[DATA BLOCK — start]

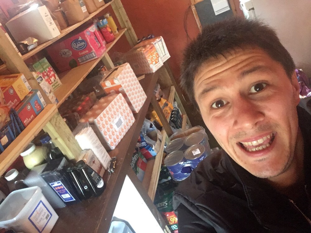 Simon dans « the barn », la réserve du resto.
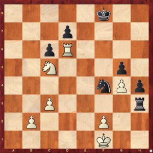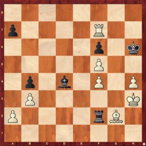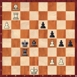 01) 1.Tf6 Ke8 2.TxSf4 gxf4 3.Kg2!! d6 4.Kxh3 dxc5 5.Kxh4 +-
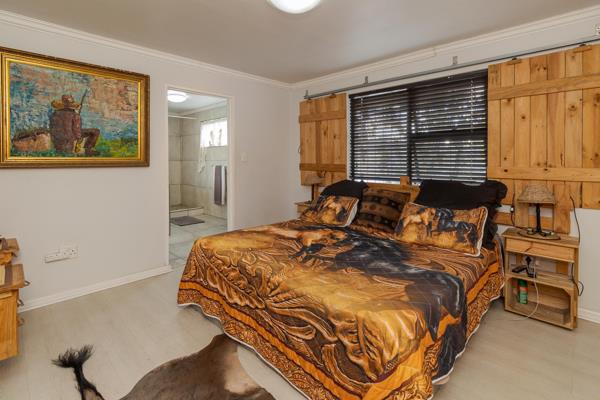 The main residence is designed to make everyday living and entertaining effortless. A bright, open-plan lounge welcomes you in, flowing into a modern, well-appointed kitchen complete with a gas hob, under-counter oven, and generous cupboard space. Adjacent to the kitchen, a dedicated braai room with a built-in braai sets the scene for cosy evenings or lively gatherings.
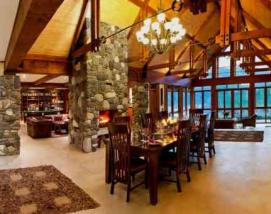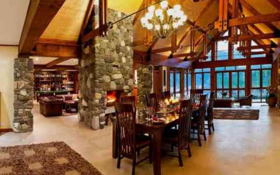 Architecturally designed and built from local stone and timber, the Lodge offers a warm earthy atmosphere. The interior focuses on the large stone double sided fireplace which provides the ambiance to the games room, dining room and sunroom. A large open kitchen adjoining the dining area offers the relaxed atmosphere where guest dine together. Private dining can also be catered for. Complete with library, a snooker table, and the "Matai Bar", guests will have the ideal setting to relax after an exciting days fly fishing or exploring the numerous sites and attractions of the local region.

[DATA BLOCK — finish]

**EXERCISE DIRECTIONS:** Pictures aside, retype the material exactly.

**YOUR SOLUTION:**
 Simon dans « the barn », la réserve du resto.
 01) 1.Tf6 Ke8 2.TxSf4 gxf4 3.Kg2!! d6 4.Kxh3 dxc5 5.Kxh4 +-
 The main residence is designed to make everyday living and entertaining effortless. A bright, open-plan lounge welcomes you in, flowing into a modern, well-appointed kitchen complete with a gas hob, under-counter oven, and generous cupboard space. Adjacent to the kitchen, a dedicated braai room with a built-in braai sets the scene for cosy evenings or lively gatherings.
 Architecturally designed and built from local stone and timber, the Lodge offers a warm earthy atmosphere. The interior focuses on the large stone double sided fireplace which provides the ambiance to the games room, dining room and sunroom. A large open kitchen adjoining the dining area offers the relaxed atmosphere where guest dine together. Private dining can also be catered for. Complete with library, a snooker table, and the "Matai Bar", guests will have the ideal setting to relax after an exciting days fly fishing or exploring the numerous sites and attractions of the local region.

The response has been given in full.